» **What you are asked to do**
No pictures belong in the copy. Retype exactly, and only, the stretch of lines below from the one with "根據(jù)油霧顆粒大小、除" through the one with "Unwind by the".

****

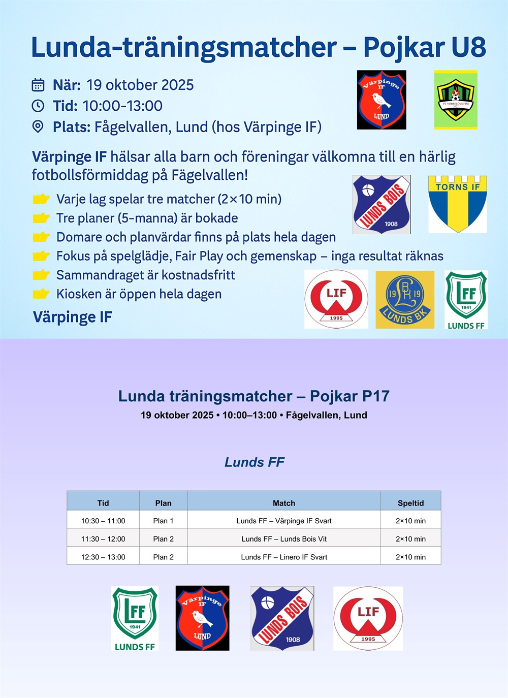 Här kommer info om söndagens träningsmatcher på Fågelvallen, ordnade av Värpinge IF. Vi kommer att spela tre matcher om 2x10 minuter mot olika Lundalag (se bild). Vi samlas klockan 9.30 på Fågelvallen. Klockan 9.45 samlas alla lag som ska vara med ute på planen för att presentera sig och hälsa på varandra, så att vi vet vilka vi kommer att möta under dagen. Därefter värmer vi upp inför vår första match, som börjar 10.30.
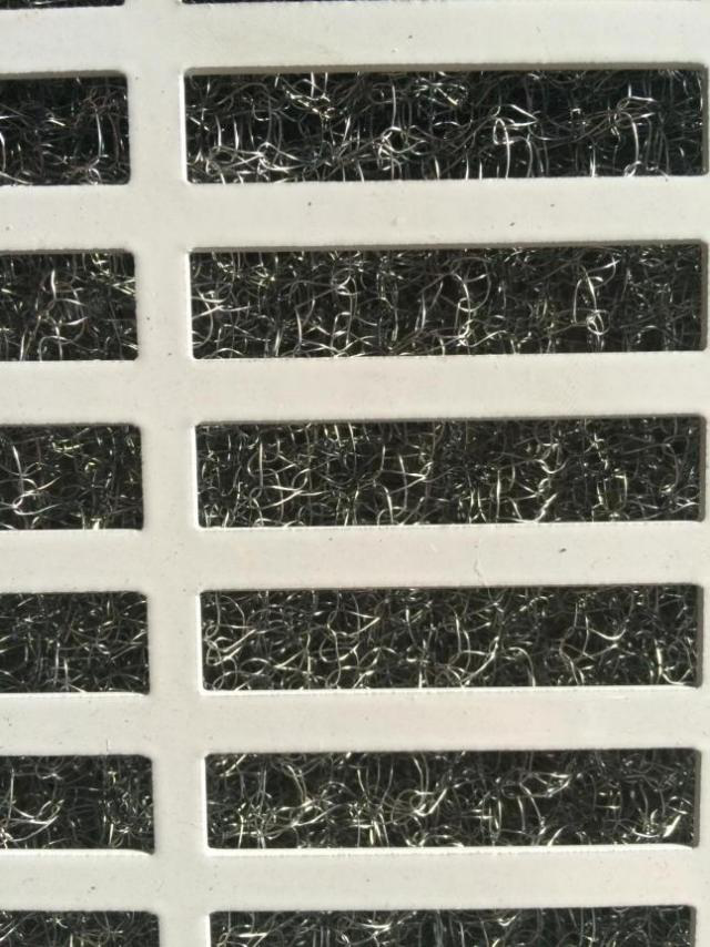 根據(jù)油霧顆粒大小、除霧要求,選用不同絲徑和不同編織方式的除霧器;根據(jù)油霧量的比重采取不同厚度的除霧器,不同排列結(jié)構(gòu)的除霧器,來達(dá)到分離油霧的目的。二級過濾不銹鋼絲網(wǎng)除霧器采用層遞式多級安置方式,增加比表面積,提高了不銹鋼除霧器的除霧效率,采用條形結(jié)構(gòu),當(dāng)氣體流速在適宜的范圍內(nèi)時(shí),當(dāng)絲徑在0.076-0.4 且霧沫粒度小于5μm,絲網(wǎng)除霧器的除霧效率一般可達(dá)95%。
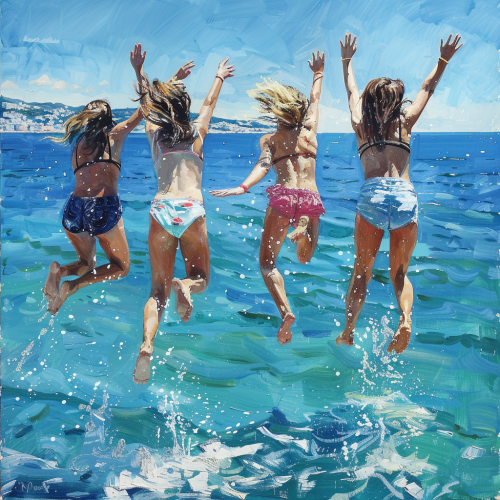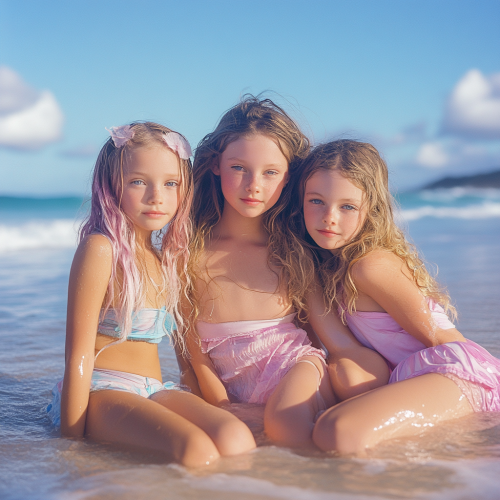 ultra realistic, fashion shoot group of 3 to 12 years old girls for a hair care ad, pastel colors, lens flair, Bondi beach, heavy film grain, strong diffusion filter, 35mm
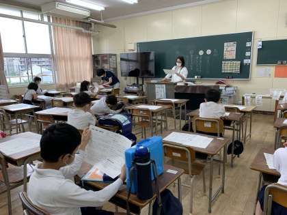 健康観察・課題の確認・社会科のノートづくりを行いました。
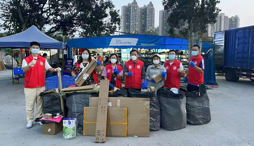 服务学生,做学生的“快递员”。由于校园实行封闭管理,又逢“双11”购物节刚过,学生有大量的包裹滞留在学校对面的菜鸟驿站。学工团队敏锐地觉察到学生的需求,齐齐上阵,取回近500件包裹并有秩序地分发,以实际行动着力为师生办实事。
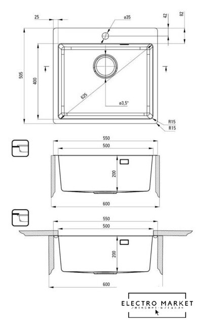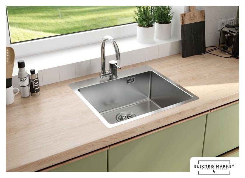 врезная на столешницу, нержавеющая сталь, размеры: 59x51 см, глубина чаши: 19 см, в шкаф шириной от 60 см
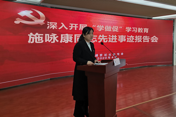先進事跡報告之后,社區黨委副書記鐘震年結合自己在疫情期間與施詠康同志的一次接觸表達了自己對施部長的緬懷與敬意,最后他號召全體社區工作人員和轄區廣大黨員干部要向施詠康同志這樣的優秀共產黨員學習,結合之前“不忘初心、牢記使命”主題教育的學習成果,立足自身崗位、結合工作實際深入開展“學做促”學習教育,做到政治堅定、作風優良、業務精湛,為社區打造“住下就不想走”的和美家園貢獻自己的力量。
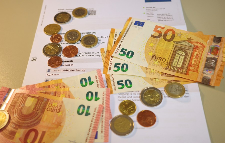 这是德国柏林拍摄的一户居民家的天然气账单和一些欧元钱币。(新华社记者任鹏飞摄)
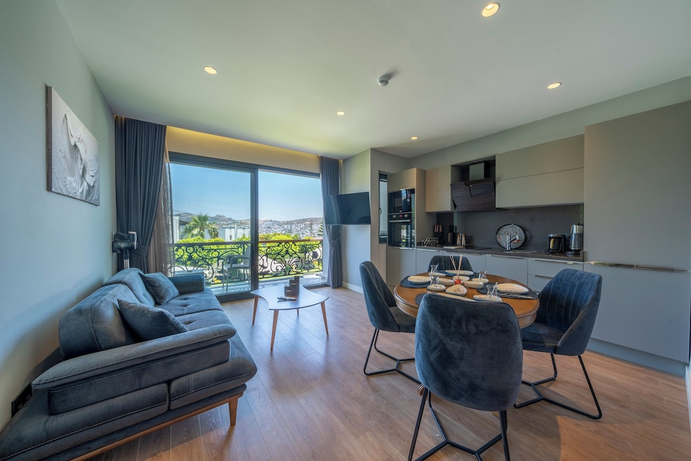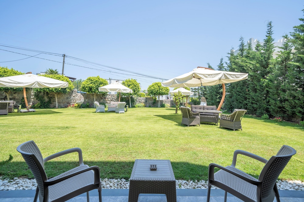 Unwind by the seasonal outdoor pool or soak in the beautiful garden views during your stay at Gündoğan Suites.
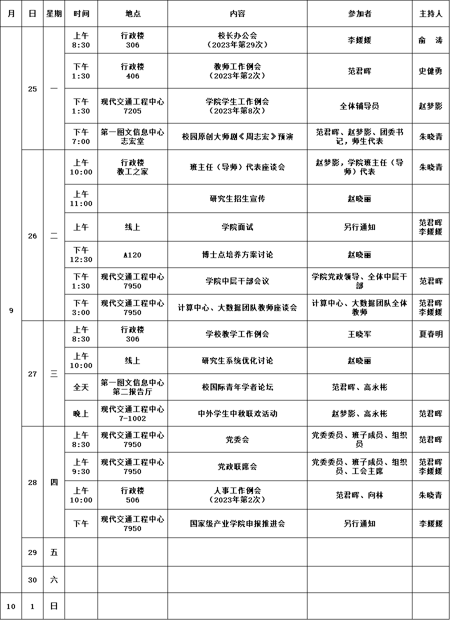 学院第3周活动安排(2023年9月25日-2023年10月1日)
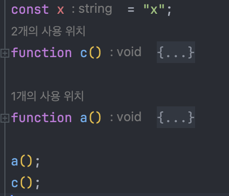 위 코드를 접어보면 최상위에는 c와 a가 있다.
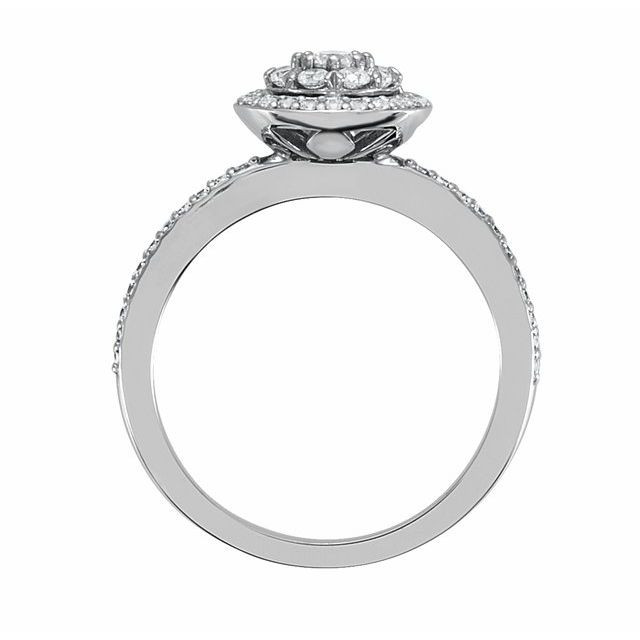 14 Karat White Gold and 0.50 CTW Diamond Halo-Style Cluster Engagement Ring Comes Set With
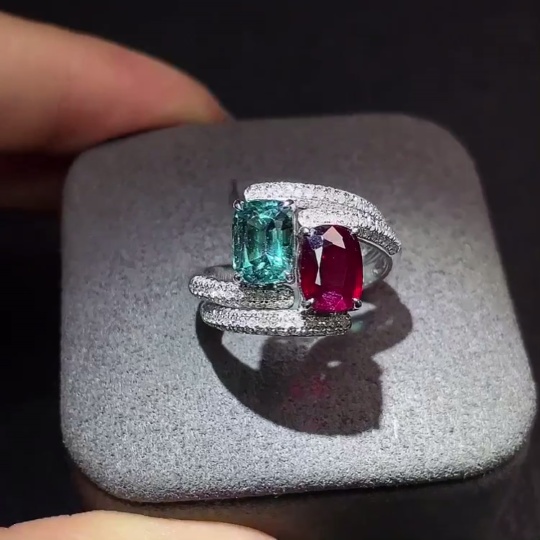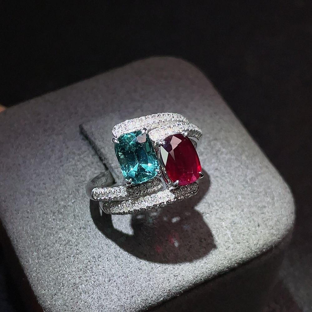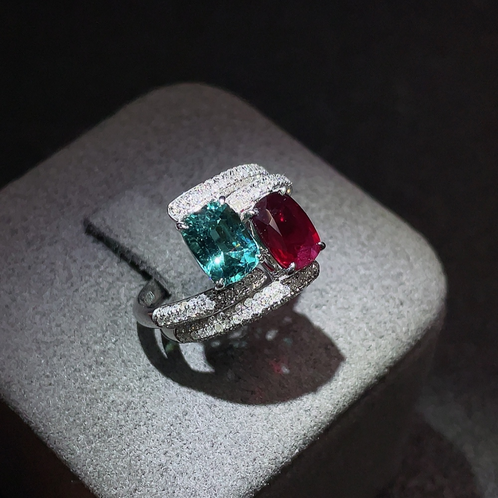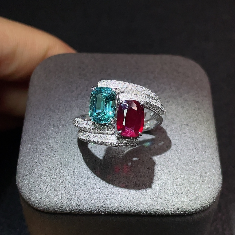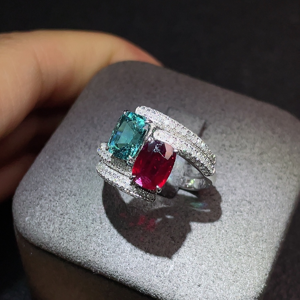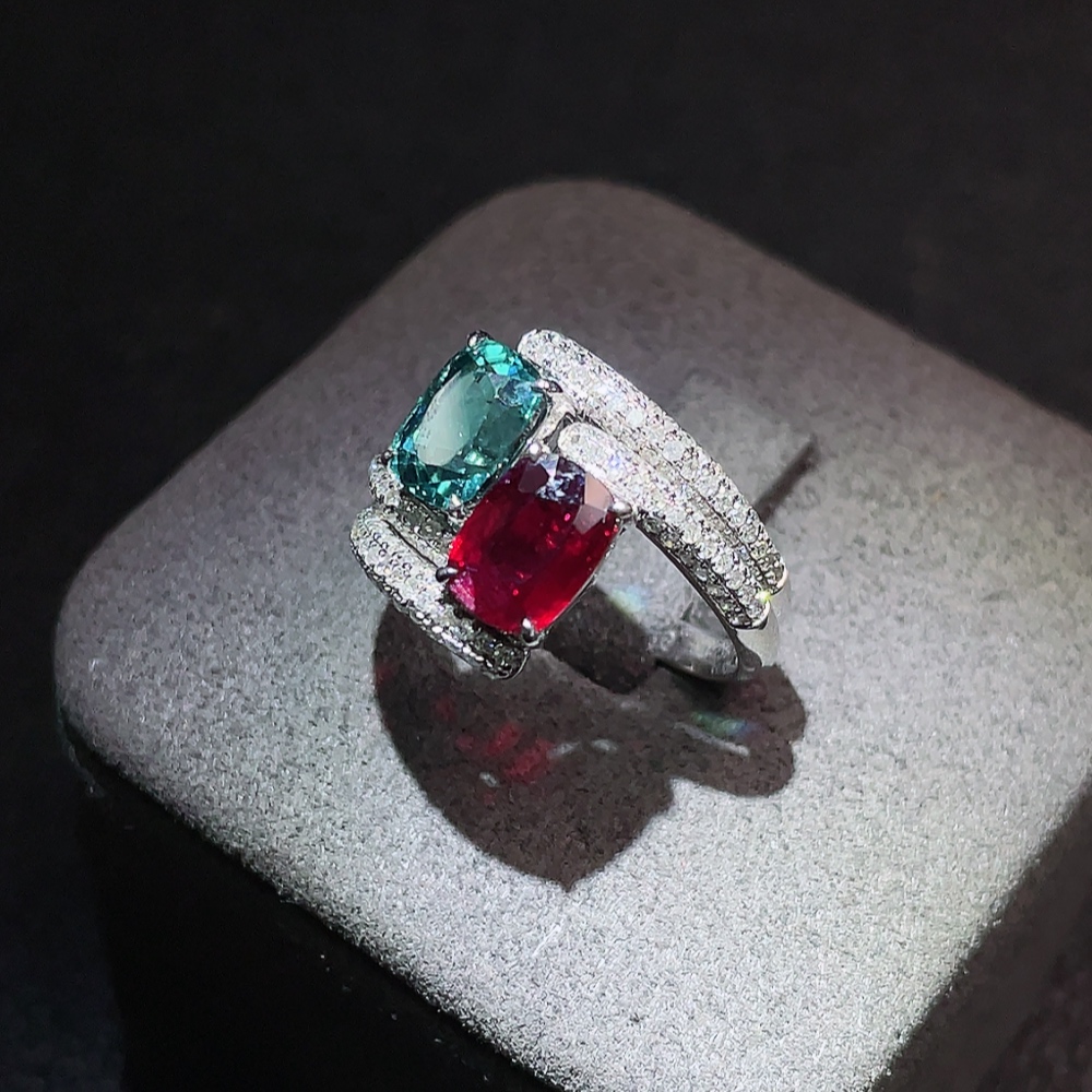 18K Tourmaline Ring + 18K Ruby Ring with Diamond Accents, Total Weight Approx. 4.81g, Size 13, Sell as a Lot, GILDER Certificate: Pigeon Blood, Tanzania (Longido Mine), No Heat, Vivid to Deep Red, 1.14ct
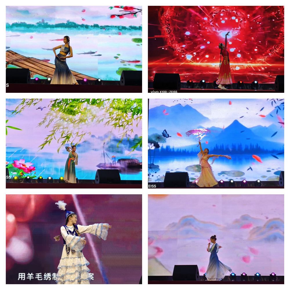 舞蹈类节目为现场带来一场视觉的享受。杨雨鑫的《锦瑟》以柔美舞姿诠释古典诗词的韵味,王楠的《采菊东篱下》再现了隐逸闲适的田园意境,李鑫颖的《红马》充满故事感,邾敏的《春风》灵动曼妙,而唐努尔的《新疆哈萨克舞蹈串烧》则以热情奔放的节奏,展现了浓郁的民族风情,将现场气氛推向高潮。
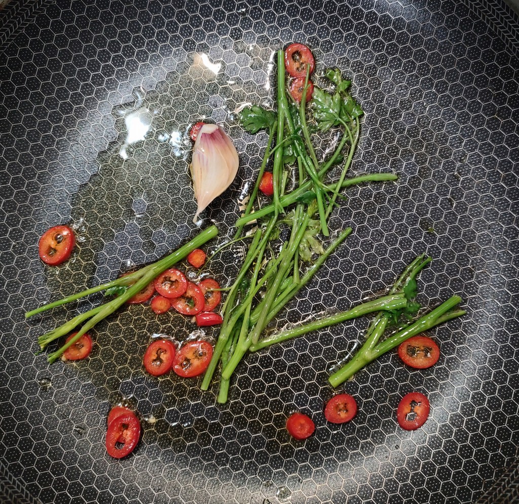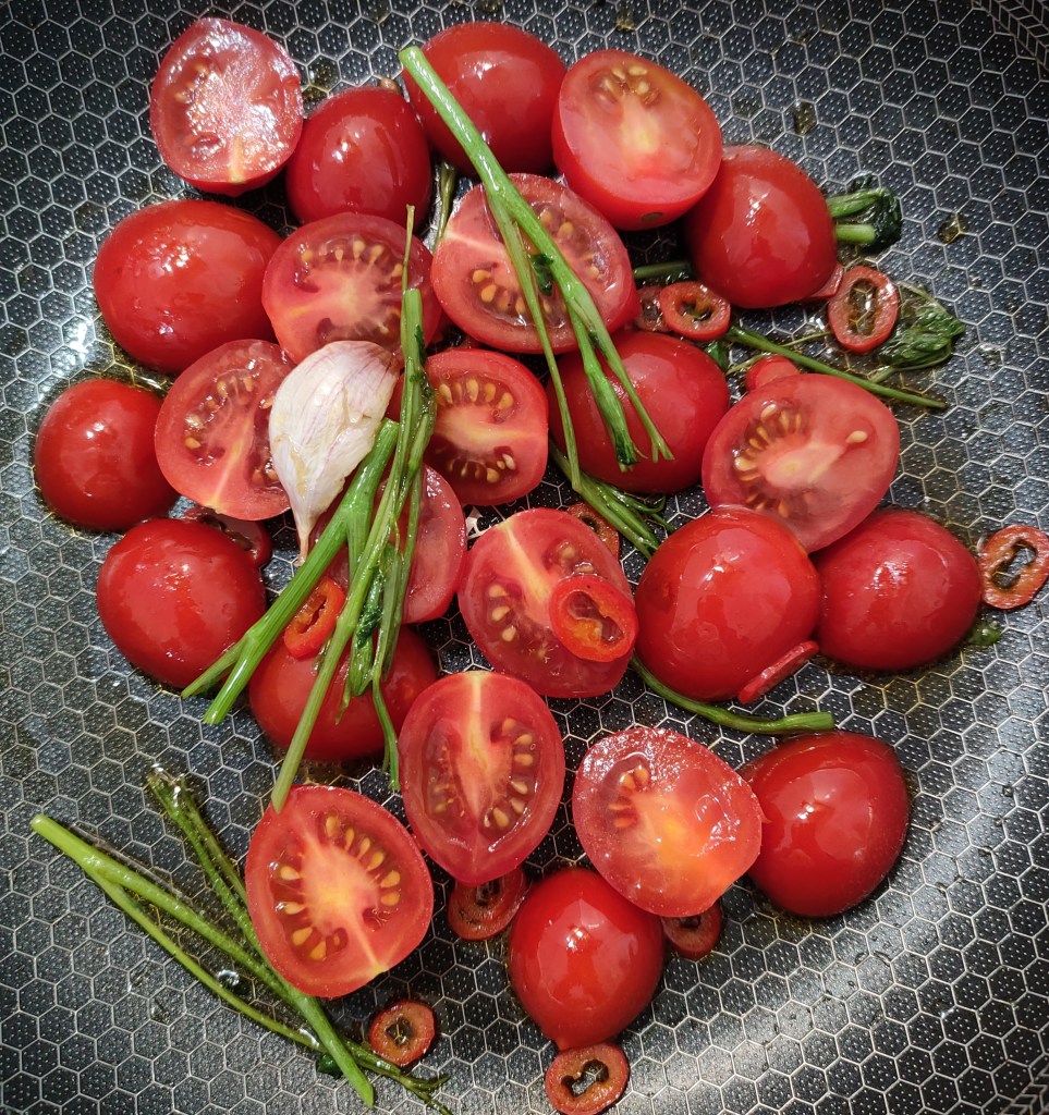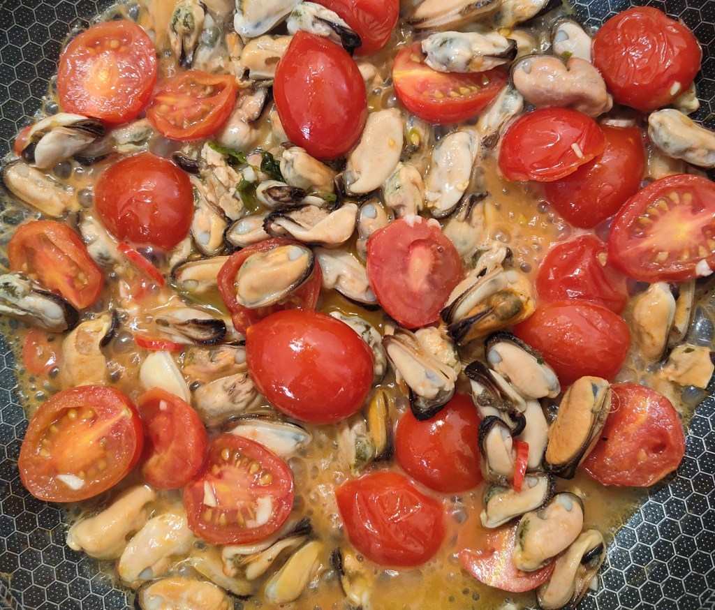 2. Gałązki pietruszki, czosnek i chili smażę delikatnie na oliwie. Dodaję pokrojone pomidorki na patelnię smażę kolejne 3 minuty. Z patelni usuwam gałązki pietruszki i czosnek. Omułki lądują na patelni po minucie podlewam winem i czekam aż odparuje.
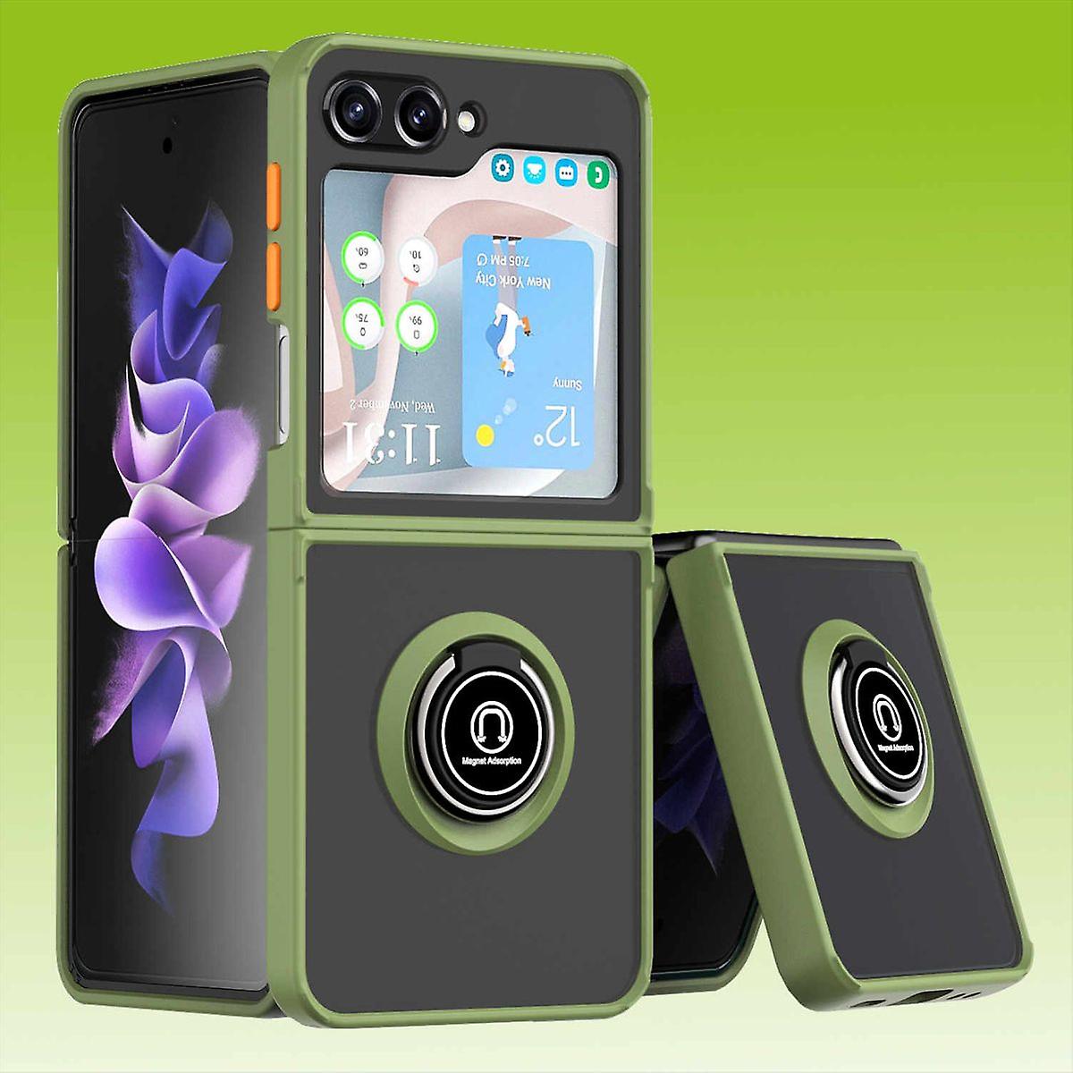 Für Samsung Galaxy Z Flip5 5G Ring Magnet Handy Hülle Army Grün Case

****

» **Written response**
 根據(jù)油霧顆粒大小、除霧要求,選用不同絲徑和不同編織方式的除霧器;根據(jù)油霧量的比重采取不同厚度的除霧器,不同排列結(jié)構(gòu)的除霧器,來達(dá)到分離油霧的目的。二級過濾不銹鋼絲網(wǎng)除霧器采用層遞式多級安置方式,增加比表面積,提高了不銹鋼除霧器的除霧效率,采用條形結(jié)構(gòu),當(dāng)氣體流速在適宜的范圍內(nèi)時(shí),當(dāng)絲徑在0.076-0.4 且霧沫粒度小于5μm,絲網(wǎng)除霧器的除霧效率一般可達(dá)95%。
 ultra realistic, fashion shoot group of 3 to 12 years old girls for a hair care ad, pastel colors, lens flair, Bondi beach, heavy film grain, strong diffusion filter, 35mm
 健康観察・課題の確認・社会科のノートづくりを行いました。
 服务学生,做学生的“快递员”。由于校园实行封闭管理,又逢“双11”购物节刚过,学生有大量的包裹滞留在学校对面的菜鸟驿站。学工团队敏锐地觉察到学生的需求,齐齐上阵,取回近500件包裹并有秩序地分发,以实际行动着力为师生办实事。
 врезная на столешницу, нержавеющая сталь, размеры: 59x51 см, глубина чаши: 19 см, в шкаф шириной от 60 см
先進事跡報告之后,社區黨委副書記鐘震年結合自己在疫情期間與施詠康同志的一次接觸表達了自己對施部長的緬懷與敬意,最后他號召全體社區工作人員和轄區廣大黨員干部要向施詠康同志這樣的優秀共產黨員學習,結合之前“不忘初心、牢記使命”主題教育的學習成果,立足自身崗位、結合工作實際深入開展“學做促”學習教育,做到政治堅定、作風優良、業務精湛,為社區打造“住下就不想走”的和美家園貢獻自己的力量。
 这是德国柏林拍摄的一户居民家的天然气账单和一些欧元钱币。(新华社记者任鹏飞摄)
 Unwind by the seasonal outdoor pool or soak in the beautiful garden views during your stay at Gündoğan Suites.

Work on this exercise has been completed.